REPUBLIKA.CO.ID, WASHINGTON - Pemerintah Amerika Serikat (AS) mengumumkan peringatan bagi warganya untuk tidak melakukan perjalanan ke China dalam waktu dekat. Peringatan dirilis menyusul penetapan wabah virus Corona baru oleh Badan Kesehatan Dunia (WHO) sebagai darurat kesehatan global.
Imbauan perjalanan luar negeri ke China oleh Departemen Luar Negeri AS masuk ke tingkat yang sama dengan imbauan tak melakukan perjalanan ke Irak dan Afghanistan. "Jangan berpergian ke China karena virus Corona baru yang pertama kali diidentifikasikan di Wuhan, China," demikian pengumuman berdasarkan web resmi Departemen Luar Negeri AS.
Kendati demikian, Beijing belum mengomentari peringatan perjalanan AS ke China tersebut.
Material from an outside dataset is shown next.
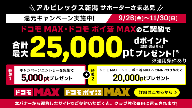当クラブでは、株式会社NTTドコモとの協業により、DAZNが追加料金なしで見放題の「ドコモ MAX」「ドコモ ポイ活 MAX」のご契約と、エントリーでdポイントがもらえる「アルビレックス新潟ファン・サポーター必見 還元キャンペーン第1弾!dポイント5,000ptプレゼントキャンペーン」を実施します。

Namun sebagai tanggapan terhadap pernyataan WHO, seorang juru bicara kementerian luar negeri China mengatakan pihak pemerintah China telah mengambil langkah pencegahan dan kendali yang paling komprehensif dan ketat di China.
"Kami memiliki keyakinan dan kemampuan penuh untuk memenangkan perang melawan epidemi ini," kata juru bicara Kemenlu China, Hua Chunying.
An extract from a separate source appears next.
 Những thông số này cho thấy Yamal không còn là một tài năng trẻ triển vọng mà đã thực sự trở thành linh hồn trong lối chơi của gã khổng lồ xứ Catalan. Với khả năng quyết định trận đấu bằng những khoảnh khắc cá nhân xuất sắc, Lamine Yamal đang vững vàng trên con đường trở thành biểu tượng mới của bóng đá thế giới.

Direktur Jenderal WHO Tedros Adhanom Ghebreyesus menegaskan pihaknya tidak merekomendasiskan dan menentang pembatasan perjalanan ataupun perdagangan dengan China.
Hingga Jumat (31/1) jumlah korban meninggal dunia akibat virus Corona baru di Hubei saja mencapai 204 dan terdapat 9.629 kasus infeksi sescara nasional China. Sementara sebanyak 129 kasus telah dilaporkan menyebar ke 22 negara dan wilayah, meski kematian hanya terjadi di China.
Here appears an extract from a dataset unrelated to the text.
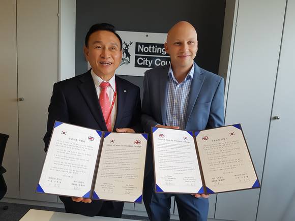 이번 협약 체결식에는 구본영 시장과 노팅엄시 국제교류 체결 권한을 갖고 있는 샘웹스터 대표의원을 비롯해 이안 커리어 노팅엄시 행정최고책임자, 오택림 재영 한국대사관 참사관 등이 참석했다.

Merebaknya kekhawatiran penyebaran virus Corona baru ini membuat beberapa negara menangguhkan sejumlah penerbangannya ke China. Perdana Menteri Italia Giuseppe Conte mengatakan semua lalu lintas udara antara Italia dan China akan berhenti.
Ini merupakan tindakan yang lebih drastis daripada yang dilakukan sebagian besar negara, setelah Italia mengumumkan kasus pertama yang dikonfirmasi pada dua wisatawan China. Semakin banyak maskapai berhenti terbang ke daratan Cina, termasuk KLM SA Air France, British Airways, Lufthansa Jerman dan Virgin Atlantic, sementara yang lain mengurangi penerbangan seperti Turki Airlines.
Presiden maskapai Jepang ANA Holdings (9202.T) mengatakan perusahaan itu mungkin mempertimbangkan untuk menangguhkan penerbangan China. Hingga kini pula, pemerintah negara-negara terus mengevakuasi warganya dari Hubei dan menahan mereka di karantina.
Statistik dari China menunjukkan bahwa lebih dari dua persen orang yang terinfeksi telah meninggal. Ini menunjukkan bahwa virus itu mungkin kurang mematikan dibandingkan dengan virus Corona pada Sindrom Pernafasan Akut Parah (SARS) dan Sindrom Pernafasan Timur Tengah (MERS) pada 2002 -2003.